Reversing an Array in Swift

Published on: January 1, 2020

You can reverse an Array, and any other Collection in Swift using the reverse method. For example

var input = [1, 2, 3]
print(input) // [1, 2, 3]
input.reverse()
print(input) // [3, 2, 1]

The code above takes an array (input) and reverses it in-place using the reverse() method. This only works if your array is mutable.

If you want to reverse an immutable array that's defined as let, or if you don't want to alter the original input you can use reversed() instead of reverse():

var input = [1, 2, 3]
print(input) // [1, 2, 3]
var reversed = input.reversed()
print(input) // [1, 2, 3]
print(reversed) // ReversedCollection<Array<Int>>(_base: [1, 2, 3])
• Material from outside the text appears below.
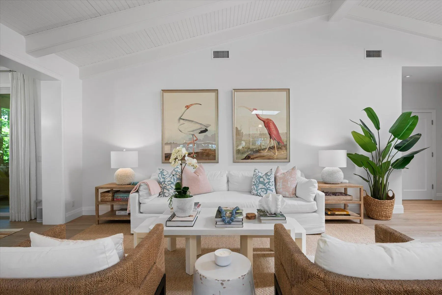 Welcome to this gorgeously designed and newly renovated golf cottage turned tropical retreat in The Loxahatchee Club; which is recognized as one of the 20 Most exclusive Golf & Country Clubs in America and honored with Platinum Club Status in Forbes 2025. Spanning almost 2,200 sq ft of living area, this home features 2 bedrooms plus a convertible den, 2.5 baths and attached garage. Designed in the Palm Beach style, the interior exudes a bright and whimsical vibe. The color palette evokes the essence of sand, sky, shells, coral, and the sea, creating a serene atmosphere throughout. Upon entering this home you will be immediately struck by the spacious feel of the living area with vaulted ceilings covered in beadboard leading to lush views of the outdoors. The dining room is framed by a lar |

The reversed() method returns an instance of ReversedCollection. It can be used much like a regular Collection and you can convert it to a regular Array as follows:

let reversedArray = Array(reversed)
print(reversedArray) // [3, 2, 1]

It's typically advised to avoid making this final conversion because ReversedCollection doesn't compute the reversed array unless absolutely needed. Instead, it can iterate over the input array from the end to the start which is more efficient than reversing the entire array all at once. So only convert the result of reversed() to an Array explicitly if you run into problems otherwise which, in my experience, is almost never.